Раленг, не особо, видимо, увлекающийся антиквариатом, кидает на них рассеянный взгляд, но затем, чем-то заинтересовавшись, подходит ближе. Интересует его не то, что внизу, а то, что над розетками. Внимание его привлекли наши свечи теплого бежевого цвета с тонкими прожилками, которые мы делаем сами, по старинке, из неочищенного ульевого воска.
— Странные свечи! — замечает он. — Сроду таких не видывал.
VIII
Бывало, что мы ужинали в молчании, только вилки позвякивали, — таких ужинов я опасалась больше всего. Бывало, что воздух дрожал от крика, что легче переносить, ибо любой спор длится меньше молчания, в нем бывают передышки, хотя бы для того, чтобы перевести дыхание, подыскать новые доводы. Бывало, что мы ужинали с невидимкой. Папа не замечал мамы, мама не замечала папы, и каждый из них удостаивал вниманием только меня. Бывало, наконец, — и надо признать, чаще всего, — когда наши ужины проходили под знаком перемирия, когда матушка, щадя мои нервы, а заодно и свои, снисходила до того, чтобы произнести несколько банальных фраз, несколько дежурных фраз, вроде: «Хлеба бери, пожалуйста… Телятины еще хочешь?.. Передай мне соль», или даже: «Ты заходил к такому-то?» — некий зародыш беседы, который развивался иногда до обмена десятком реплик и вносил в атмосферу известную разрядку, без которой обитатели дома Колю давно уже были бы кандидатами на отправку в приют святой Жеммы.

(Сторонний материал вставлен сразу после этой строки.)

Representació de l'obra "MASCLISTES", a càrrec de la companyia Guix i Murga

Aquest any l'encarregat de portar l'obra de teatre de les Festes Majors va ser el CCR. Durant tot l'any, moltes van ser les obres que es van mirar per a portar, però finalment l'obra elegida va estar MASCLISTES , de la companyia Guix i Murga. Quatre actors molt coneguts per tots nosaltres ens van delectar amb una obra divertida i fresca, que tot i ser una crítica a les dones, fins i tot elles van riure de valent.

Но на сей раз за этим самым страшным ужином собрались: окаменевшая матушка, которая нервно крошила хлеб и не передавала еду даже дочери; погруженный в себя отец, настолько отсутствовавший, что он машинально посолил яблочный компот и проглотил его, даже не поморщившись, и Селина с глазами, полными слез, сидевшая боком на краю стула и, опершись на локоть, механически, не глядя, ковырявшая вилкой в тарелке. Даже чижи и те не имели права нарушать эту всеобщую самоуглубленность: как только они заволновались, мама накинула на клетку платок и не дала им запеть. Что же до кота, у которого, как и у всех котов, чутье очень развито, то, не чувствуя себя в безопасности под буфетом, он ходил вдоль стен, выжидая, пока в двери образуется хоть малейшая щель.

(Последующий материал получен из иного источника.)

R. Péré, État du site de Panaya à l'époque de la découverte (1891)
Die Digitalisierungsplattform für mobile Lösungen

Я тоже, как только с десертом было покончено, выскочила из-за стола, не испытывая ни малейшего желания задерживаться даже в большой комнате. Это мрачное молчание слишком часто грозой взрывалось после ужина, и я предпочитала, чтобы между ними и мной была хотя бы перегородка. Я потянулась всем телом — от кончиков рук до кончиков ног — и дважды или трижды разодрала в зевоте челюсть.

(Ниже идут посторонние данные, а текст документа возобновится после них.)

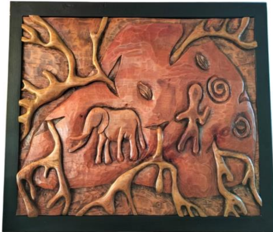
Gambar 12 Karya 4

Karya dua dimensi pada karya 12 di atas berjudul Tak Terawat dengan ukuran karya 60 x 80 cm dan menggunakan teknik Ukir, yang dimana karya ini dibuat berbentuk batu yang sudah di tumbuhi akar dimana sebelum ada zaman modern Batu tersebut tidak di rawat dan pengkarya menambahkan bentuk motif gajah dan daun dan motif spiral motif tersebut di jadikan objek pendukung pada karya tersebut dan akar yang keluar dari batu tersebut menyimbolkan bahwa batu tersebut tidak di rawat dan di lindungi oleh masyarakat sekitarnya.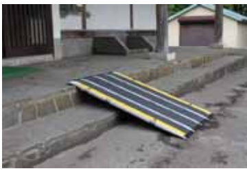
仮設スロープは、正面玄関下足入れ上に常備してあります

車イス用仮設スロープと乗り換え用車イスを購入いたしました。庫裡正面玄関に備え付けてありますので、ご自由にご利用ください。

— Устала!.. — наконец сочла я возможным объявить. — Пойду спать.
— А посуда? Мама тоже устала, — заметил папа для проформы.
— Ты что, не видишь — она же на ногах не стоит, — живо отозвалась добрейшая мадам Колю, которая заставила бы меня остаться, если бы папа был (хотя бы для вида) противоположного мнения.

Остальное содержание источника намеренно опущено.